In moleculaire dynamische simulaties bij lage snijsnelheid zoals 10 m/s, atomaire verplaatsingskaarten en het patroon hoe de snijkracht van siliciumcarbide schurende deeltjes en snijhoeken variëren met de simulatiestapgrootte, zoals getoond in Fig. 3 en 4. Omdat de snijsnelheid te klein is, is ook de snijkracht onvoldoende, waardoor de vervorming en dislocatie van het rooster veel minder is. Over het geheel genomen is de snij-efficiëntie laag en is de snijkwaliteit relatief slecht. Daarentegen, wanneer de snijsnelheid bij microscopische experimenten tot 80 m/s is, kunnen chemische bindingen tussen koperatomen snel en effectief worden verbroken om het doel van onmiddellijk snijden van hoge kwaliteit te bereiken. Daarom is na een uitgebreide analyse een snijsnelheid van 80 m/s redelijk voor de simulatie.

Atomaire verplaatsing met lage snelheid

De relatie tussen de snijkracht, de snijhoek en de simulatiestap

Om de haalbaarheid en geloofwaardigheid te simuleren, kiezen we een redelijke empirische potentiaalfunctie om de interatomaire potentialen van atomen te beschouwen. Volgens de verschillende objecten kunnen we de potentiële functie verdelen in een paarpotentiële functie en een veellichamenpotentiële functie. De twee modellen tussen monokristallijn koper en slijpkorrels beschrijven de interatomaire potentialen van atomen daartussen door middel van Morse-potentiaal [17], de EAM-potentiaal wordt gebruikt om de interatomaire potentialen van atomen tussen koperatomen te beschrijven [18,19,20], en de interactie tussen SiC-deeltjes wordt beschreven met behulp van de Tersoff-potentiaal [21].

Tijdens het polijstproces is de botsingsrichting van de slijpkorrels in het medium willekeurig; hun banen lopen niet precies langs het oppervlak van het werkstuk.
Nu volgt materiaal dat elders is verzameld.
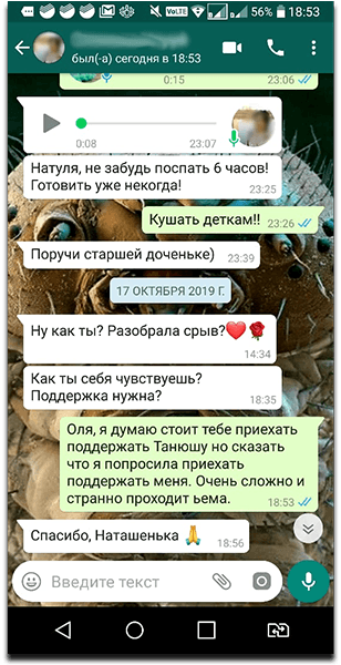 «Для меня это, конечно, было ударом. Потому что мы с ним очень близко общались. Мне было очень обидно», — говорит Наталья. Она следила глазами за потоком людей, проходящих мимо, как вдруг заметила след от синяка на челюсти у одной из женщин. Сверху лежал плотный слой тонального крема. Наталья настолько сконцентрировалась на этом синяке, что даже не расслышала слов женщины. Видела только её «запуганные глаза». Наталья давно подозревала, что эта участница страдает от домашнего насилия. Она казалась слишком зажатой и всё время тряслась. «Я их уже вижу. Достаточно посмотреть — и я понимаю: у этого человека пипец в семье», — объясняет Наталья.

Tijdens het microsnijproces staat de snijrichting van de slijpkorrels niet altijd loodrecht op het werkstukmateriaal. De snijhoek verwijst naar de mate van de hoek tussen de snijrichting van de slijpkorrel en het horizontale vlak. Het is positief wanneer deeltjes het werkstukoppervlak naderen. De schets van de snijhoek wordt getoond in Fig. 5.
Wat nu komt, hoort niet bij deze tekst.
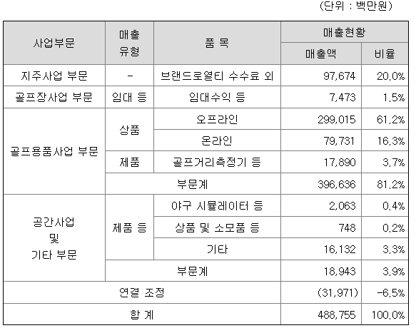 회사는 다른 회사의 주식을 소유함으로써 그 회사를 지배하는 것을 목적으로 하고 있으며, 영업수익은 브랜드의 사용으로 인한 로열티 수익, 자회사의 경영자문제공으로 인한 자문수수료 수익, 투자부동산의 임대를 통한 임대료 수익, 자회사로부터 지급받는 배당금 수익, 지분법이익 등으로 구성되어 있습니다.

De schets van de snijhoek. Figuur 5 is de schets van de verschillende snijhoeken wanneer de slijpkorrels worden gesneden. Schuurkorrel uit verschillende richtingen die het werkstukmateriaal snijden, het materiaal zal de prestaties hebben en de verwerkingskwaliteit zal anders zijn

In deze studie wordt MD-simulatie gebruikt om multi-schuurmiddelen met verschillende inslagrichtingen van het gesneden monokristallijne koper te simuleren. Zoals getoond in Fig. 5, ligt de snijhoek tussen 0° en 45° terwijl het oppervlak van het koperen werkstuk ruw is.

Resultaten en discussie

Analyse van botsing tussen SiC-slijpmachines

De impact van siliciumcarbide schuurmiddel op het snijden van monokristallijn kopermateriaal wordt bereikt door de roosterstructuur van eenkristal van kopermateriaal te vernietigen. Tijdens de afbraak werden interacties tussen koperatomen, de schuifspanning opgelegd door C, Si-atomen of SiC-schuurdeeltjes op de Cu-atomen van werkstukmateriaal geïdentificeerd als de snijkracht, wat een belangrijke fysieke parameter is voor het feit dat de snijkracht weerspiegelt diepgaand het verwijderingsproces van enig kristalkoper werkstukmateriaal. Zoals eerder besproken, is er een groot verschil tussen micro- en macro-snijkracht. Over het algemeen is macro-snijkracht de som van snij- en slijpkracht, terwijl bij microsnijden de snijkracht wordt gegenereerd door de interacties tussen de slijpkorrels en de atomen van het werkstuk.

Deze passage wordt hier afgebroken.